Shai Secunda, Ph.D.
Jacob Neusner Professor in the History and Theology of Judaism
Bard College, Annandale-on-Hudson, NY
Born in 1979 in Boston, Mass., USA
Studied Rabbinic Literature at Yeshiva University and Iranian Studies at Harvard University
Project
Sea of Babylon: The Formation of the Talmud in Sasanian Mesopotamia
“The Talmud is like the Great Sea,” so goes an early medieval Jewish adage, “it is as it says, ‘All the streams go to the sea.’” During my stay at the Wissenschaftskolleg, I will be working on a book-length monograph that reconsiders the famously encyclopedic and gargantuan Babylonian Talmud, which sits at the heart of the classical Jewish canon. The Talmud was compiled orally by rabbis living in late ancient Mesopotamia, then an important center in the Sasanian Iranian Empire. Organized as a commentary on the Mishnah – an earlier work of rabbinic law composed in Roman Palestine – the Babylonian Talmud also preserves numerous “tangential” passages ranging from biblical interpretation and theological speculation to medical advice, magical incantations, brief anecdotes, and tall tales. While the Talmud is the only work that has survived from late ancient Babylonian Jewry, its great diversity of materials mitigates this textual singularity.The Talmud has never been fully inventoried, and so this project proceeds by digitally tagging so-called tangential passages and comparing the Talmud’s anthological impulse with that of the other rabbinic compilations produced in Roman Palestine. Philologists have studied the formation of the Talmud for many decades, yet they have focused almost entirely on the diachronic development of Talmudic discourse, which is regularly described as disembodied, redactional processes.
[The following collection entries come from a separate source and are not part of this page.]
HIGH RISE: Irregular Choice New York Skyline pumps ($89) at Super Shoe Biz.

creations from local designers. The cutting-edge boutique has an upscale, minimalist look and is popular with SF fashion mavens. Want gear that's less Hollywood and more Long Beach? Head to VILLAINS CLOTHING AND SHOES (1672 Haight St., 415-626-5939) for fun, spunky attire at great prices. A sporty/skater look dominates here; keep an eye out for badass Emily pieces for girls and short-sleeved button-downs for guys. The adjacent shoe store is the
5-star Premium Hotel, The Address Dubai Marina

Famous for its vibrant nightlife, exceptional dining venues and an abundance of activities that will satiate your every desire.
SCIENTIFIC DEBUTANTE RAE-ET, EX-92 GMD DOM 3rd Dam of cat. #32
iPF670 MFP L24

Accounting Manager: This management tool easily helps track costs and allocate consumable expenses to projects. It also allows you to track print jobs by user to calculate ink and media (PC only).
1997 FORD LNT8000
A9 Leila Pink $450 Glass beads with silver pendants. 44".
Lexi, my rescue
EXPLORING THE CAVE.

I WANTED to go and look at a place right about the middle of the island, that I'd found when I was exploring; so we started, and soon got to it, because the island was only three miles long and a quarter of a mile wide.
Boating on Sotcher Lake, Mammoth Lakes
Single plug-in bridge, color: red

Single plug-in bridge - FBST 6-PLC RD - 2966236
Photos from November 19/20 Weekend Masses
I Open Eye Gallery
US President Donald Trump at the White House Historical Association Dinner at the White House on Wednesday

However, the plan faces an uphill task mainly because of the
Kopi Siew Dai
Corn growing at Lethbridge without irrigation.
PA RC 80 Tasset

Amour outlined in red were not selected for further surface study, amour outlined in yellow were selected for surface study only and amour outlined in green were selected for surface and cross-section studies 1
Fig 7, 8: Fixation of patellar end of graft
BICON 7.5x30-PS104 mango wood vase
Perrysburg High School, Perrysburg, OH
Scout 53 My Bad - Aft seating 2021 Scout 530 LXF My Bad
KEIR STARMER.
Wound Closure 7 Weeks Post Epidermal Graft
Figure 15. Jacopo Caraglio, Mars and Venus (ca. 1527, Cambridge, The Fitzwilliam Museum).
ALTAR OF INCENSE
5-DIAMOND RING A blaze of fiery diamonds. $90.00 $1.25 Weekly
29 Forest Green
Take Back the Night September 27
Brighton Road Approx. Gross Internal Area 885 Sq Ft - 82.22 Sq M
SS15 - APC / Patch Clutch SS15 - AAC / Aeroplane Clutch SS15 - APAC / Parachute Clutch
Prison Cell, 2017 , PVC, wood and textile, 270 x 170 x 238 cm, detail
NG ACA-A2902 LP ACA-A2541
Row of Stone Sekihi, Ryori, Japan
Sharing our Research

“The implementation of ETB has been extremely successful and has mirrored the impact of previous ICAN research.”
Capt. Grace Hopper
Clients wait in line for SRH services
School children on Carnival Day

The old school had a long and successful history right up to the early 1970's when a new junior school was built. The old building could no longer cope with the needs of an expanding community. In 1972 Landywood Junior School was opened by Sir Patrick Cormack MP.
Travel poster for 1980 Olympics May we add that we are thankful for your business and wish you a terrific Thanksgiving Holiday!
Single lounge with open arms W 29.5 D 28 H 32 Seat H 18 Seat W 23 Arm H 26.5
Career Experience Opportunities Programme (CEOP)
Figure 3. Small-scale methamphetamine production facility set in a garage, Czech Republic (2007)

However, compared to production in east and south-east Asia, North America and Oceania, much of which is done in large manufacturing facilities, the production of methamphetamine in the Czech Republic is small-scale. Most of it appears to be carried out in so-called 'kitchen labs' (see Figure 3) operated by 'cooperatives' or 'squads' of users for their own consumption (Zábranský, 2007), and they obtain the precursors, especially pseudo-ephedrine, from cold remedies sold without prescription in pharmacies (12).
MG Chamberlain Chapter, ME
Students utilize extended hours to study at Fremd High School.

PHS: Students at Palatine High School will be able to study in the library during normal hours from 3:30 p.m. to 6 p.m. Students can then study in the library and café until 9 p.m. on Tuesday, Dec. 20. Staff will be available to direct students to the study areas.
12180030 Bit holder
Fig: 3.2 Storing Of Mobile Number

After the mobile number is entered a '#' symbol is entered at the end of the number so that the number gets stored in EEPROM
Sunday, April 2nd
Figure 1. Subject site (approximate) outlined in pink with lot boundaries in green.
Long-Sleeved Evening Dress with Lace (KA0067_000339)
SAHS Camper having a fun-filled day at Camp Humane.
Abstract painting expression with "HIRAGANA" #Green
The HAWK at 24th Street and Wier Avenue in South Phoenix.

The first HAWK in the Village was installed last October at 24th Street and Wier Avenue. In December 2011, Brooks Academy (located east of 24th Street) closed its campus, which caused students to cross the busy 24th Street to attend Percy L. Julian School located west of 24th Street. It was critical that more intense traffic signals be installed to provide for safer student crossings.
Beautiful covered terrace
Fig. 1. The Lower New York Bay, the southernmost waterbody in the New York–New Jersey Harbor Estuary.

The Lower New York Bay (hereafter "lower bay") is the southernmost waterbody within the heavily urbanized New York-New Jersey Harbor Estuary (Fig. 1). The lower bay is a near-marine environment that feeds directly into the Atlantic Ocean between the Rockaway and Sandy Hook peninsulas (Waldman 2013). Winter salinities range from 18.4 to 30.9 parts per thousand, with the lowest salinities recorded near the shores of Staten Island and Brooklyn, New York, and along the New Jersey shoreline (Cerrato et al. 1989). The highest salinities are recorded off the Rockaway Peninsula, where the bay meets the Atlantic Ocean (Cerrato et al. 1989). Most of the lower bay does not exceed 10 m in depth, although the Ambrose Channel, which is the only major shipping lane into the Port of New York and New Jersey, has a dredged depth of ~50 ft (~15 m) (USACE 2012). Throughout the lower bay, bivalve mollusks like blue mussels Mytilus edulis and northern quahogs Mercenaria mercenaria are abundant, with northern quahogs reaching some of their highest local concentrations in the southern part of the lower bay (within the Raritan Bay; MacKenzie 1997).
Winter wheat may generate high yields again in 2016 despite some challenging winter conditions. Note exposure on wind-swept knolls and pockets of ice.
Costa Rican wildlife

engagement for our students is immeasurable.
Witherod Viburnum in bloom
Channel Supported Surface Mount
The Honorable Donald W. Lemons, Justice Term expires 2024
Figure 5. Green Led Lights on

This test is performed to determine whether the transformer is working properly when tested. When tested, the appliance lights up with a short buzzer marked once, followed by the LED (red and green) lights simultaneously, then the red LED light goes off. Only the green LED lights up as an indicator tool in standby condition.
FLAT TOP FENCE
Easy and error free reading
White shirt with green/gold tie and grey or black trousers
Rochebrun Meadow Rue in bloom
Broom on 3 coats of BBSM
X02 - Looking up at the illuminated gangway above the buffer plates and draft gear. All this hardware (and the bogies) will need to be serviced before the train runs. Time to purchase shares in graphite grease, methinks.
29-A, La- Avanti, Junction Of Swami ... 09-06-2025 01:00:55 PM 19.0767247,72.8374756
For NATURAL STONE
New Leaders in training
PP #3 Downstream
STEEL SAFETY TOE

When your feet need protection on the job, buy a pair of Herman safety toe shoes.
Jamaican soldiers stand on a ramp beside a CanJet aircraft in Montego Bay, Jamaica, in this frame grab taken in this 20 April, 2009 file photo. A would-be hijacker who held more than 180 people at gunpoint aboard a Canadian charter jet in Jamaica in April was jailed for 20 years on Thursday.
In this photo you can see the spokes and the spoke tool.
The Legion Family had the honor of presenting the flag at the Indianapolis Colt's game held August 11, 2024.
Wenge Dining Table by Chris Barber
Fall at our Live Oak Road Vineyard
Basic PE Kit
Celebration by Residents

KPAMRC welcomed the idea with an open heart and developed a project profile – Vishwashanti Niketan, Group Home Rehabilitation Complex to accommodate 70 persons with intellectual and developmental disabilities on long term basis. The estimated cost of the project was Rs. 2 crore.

In my research, I will examine the Talmud’s diverse contents synchronically and locate its formation in the minds, mouths, and bodies of Babylonian rabbis, in their scholarly circles and institutions, and alongside other religious communities in the Sasanian Empire – such as the imperially backed Zoroastrians, who were likewise engaged in a major effort to organize the Dēn – the Zoroastrian tradition.
Recommended Reading
Secunda, Shai. The Iranian Talmud: Reading the Bavli in Its Sasanian Context. Philadelphia: University of Pennsylvania Press, 2013.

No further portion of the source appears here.